Yapılan kazılarda seramik, bronz ve altın süslemeler bulunduğu gibi çok sayıda mezara da rastlanmış. Böylece uzmanlar buranın yüzlerce yıl dini bir merkez olduğunda hemfikir olmuşlar.

7. yüzyılın sonlarından itibaren bölgede İslamiyetin yayılmaya başlamasına rağmen bu kilise gibi belli başlı bölgelerin Hristiyan kimliğini 1836 yılına kadar sürdürdüğü tespit edilmiş. Kiş Kilisesi, uzmanlar tarafından Hristiyanlığın başladığı noktalardan birisi olarak kabul edilmekte olup ülkenin antik tarihi ve yüzlerce yıllık zengin kültürel mirasının somut bir örneği olduğu belirtilmektedir.

Burayı gezmek çok zaman almıyor. Kilise çok büyük olmadığından şöyle bir bakıp dışarıdaki mezarlara baktım. Çıkarken satış kısmında sergilenen halılara bakmaktan kendimi alamadım.

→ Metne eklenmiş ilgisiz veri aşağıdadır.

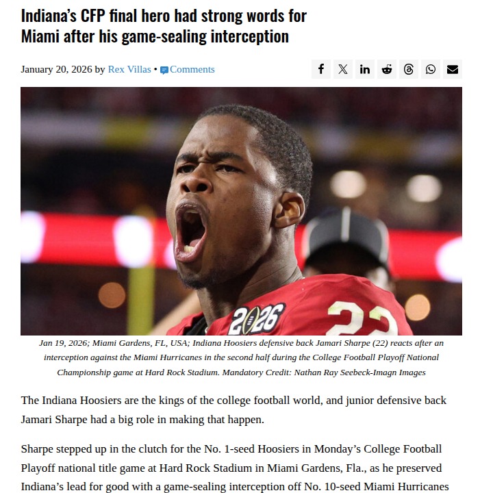 Christopher Hughes+FollowSharpe’s Revenge: Indiana vs Miami ShowdownHoosier Nation, how about that finish? Jamari Sharpe, the Miami native Miami didn’t want, sealed Indiana’s first CFP title with a clutch pick against the Hurricanes. With just 52 seconds left, Sharpe read Beck like a book and ended Miami’s comeback hopes. His postgame words? Pure fire: “I guess I showed them tonight why they should have recruited me.” This rivalry just got a new chapter! #Sports #Football #IndianaHoosiers00Share
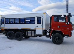 Технические характеристики фургона: - со скосами, - внешняя обшивка - плакированный металл белого цвета или зеленого цвета. - внутренняя обшивка - ламинированная фанера серого цвета - утепление 40 мм пенопласт - настил пола - автолин, - освещение 4 плафона 24 В - окна типа «ГАЗель»: сдвижное - 2 шт, глухое - 3 шт - двери: задняя - аварийная - боковая дверь с глухим окном - заниженный боковой вход - выдвижная лестница с алюминиевыми накладками под задней аварийной дверью - залицовка - плакированный металл белого цвета - фонари стандартные + боковые габаритные огни - ДЗК стандартное - установка фургона на шасси - подкрылки - посадочные места с ремнями безопасности – 20 шт. - аварийно вентиляционный люк - отопитель фургона планар-8д - переговорное устройство «фургон-кабина».
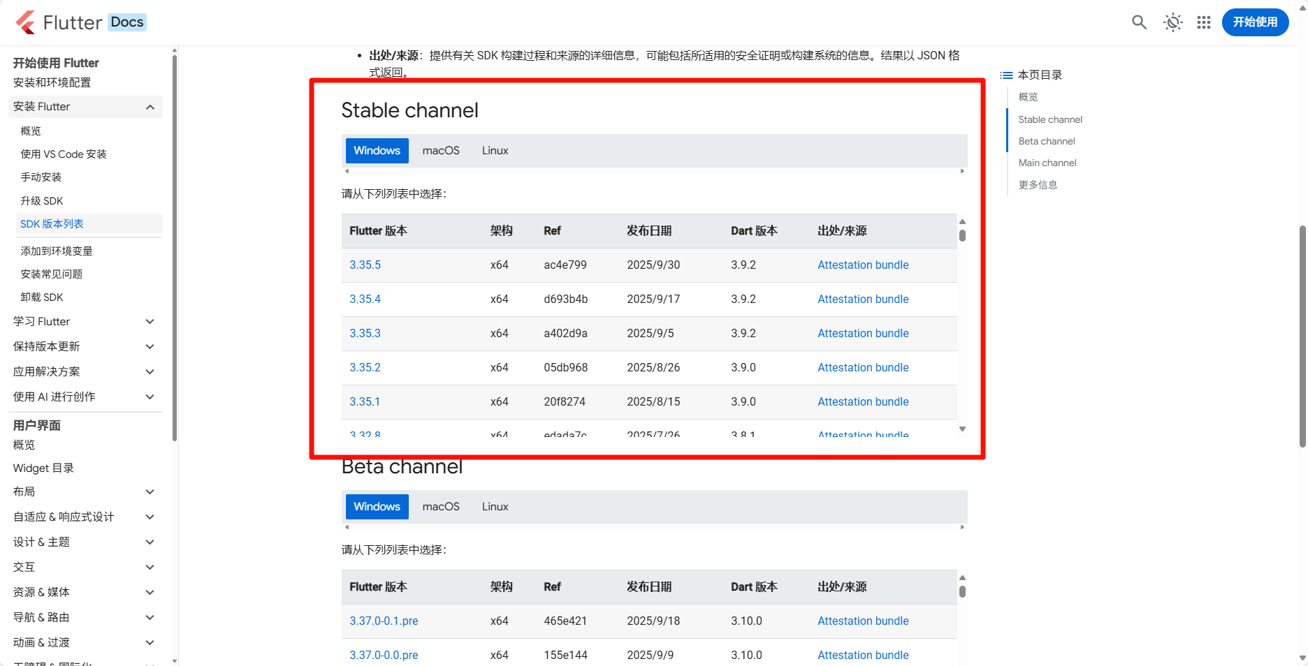 打开链接后,下滑,找到Stable channel章节(如下图),Stable channel是稳定版本列表。
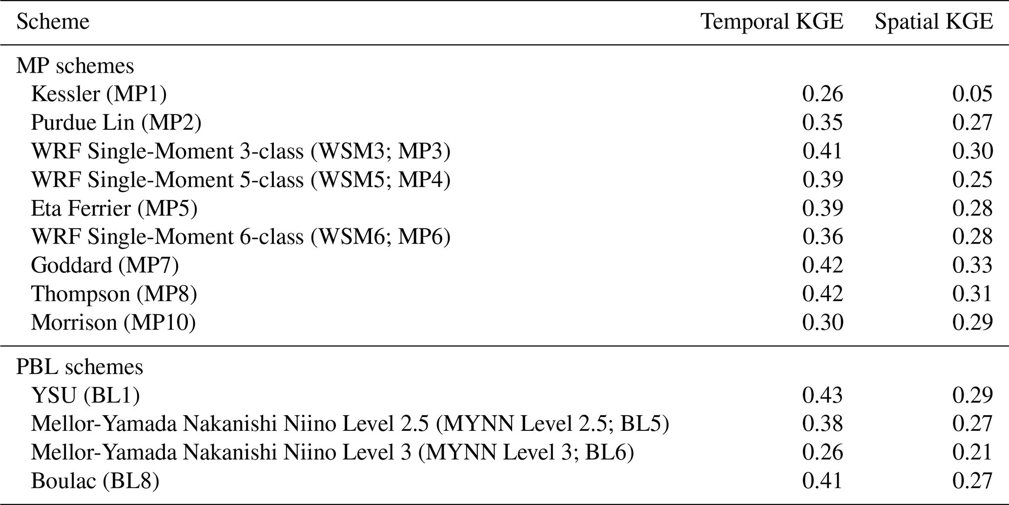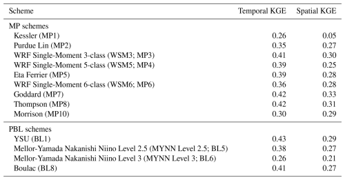Table 4Mean KGE values across all simulations for temporal and spatial assessments of MP and PBL schemes.

Sonra tekrar Kervansaray tarafına doğru yürümeye başladım. Yolun solunda kalan Cuma Camisini görmek istedim. Ancak içeride cami cemaati kalabalık olunca girmekten vazgeçip dışından bakmakla yetindim.

1745-1750 yıllarında inşa edilen Cuma Mescidinin 40 metre yüksekliğinde bir minaresi ve bunun üzerinde güzel geometrik süslemeler bulunuyor.

Yürüdüğüm yol boyunca bizim pastaneye denk düşen “şirinniyat” isimli tatlıcılar bulunuyordu. Şeki baklavalarının bir çeşidi olan ve Şeki helvası olarak adlandırılan bir tatlı türü buranın meşhur yiyecekleri arasındaymış. Ben de merak ettiğimden bir tatlıcıya daldım ve bu tatlıyı denemek istediğimi söyledim. Küçük bir parça verdiler ancak çok sevdiğimi söyleyemem. Fındıkla yapılmış kurabiyeyi andıran başka bir tatlı denedim ve bunu başarılı buldum. Uzun süre dayanacağını söylediklerinden 2 kutu aldım. 

Şeki’de Ne Yedim Ne İçtim

Azerbeycan’da genel olarak ne yenir, içilir yerine iki gece kaldığım Şeki’de iki güzel restoranda yediğim yemekleri ve güzel bir hikayeyi paylaşmak istiyorum.

Azerbaycan’da çayın yanına şeker yerine küçük bir tabakta reçel getiriliyor. Burada da ev sahibesi ev yapımı reçeli çayla getirdi. Çayımı şekersiz içerim ama reçelin tadına bakmaktan da geri kalmadım. Çok tatlı değil biraz mayhoş tadı olan bir reçeldi. Bu bir Azerbaycan geleneğiymiş. Çayın yanında bizim kullandığımız küp şekerler yerine böğürtlen, patlıcan, domates, karpuz, ceviz gibi ürünlerden hazırladıkları reçelleri getiriyorlar.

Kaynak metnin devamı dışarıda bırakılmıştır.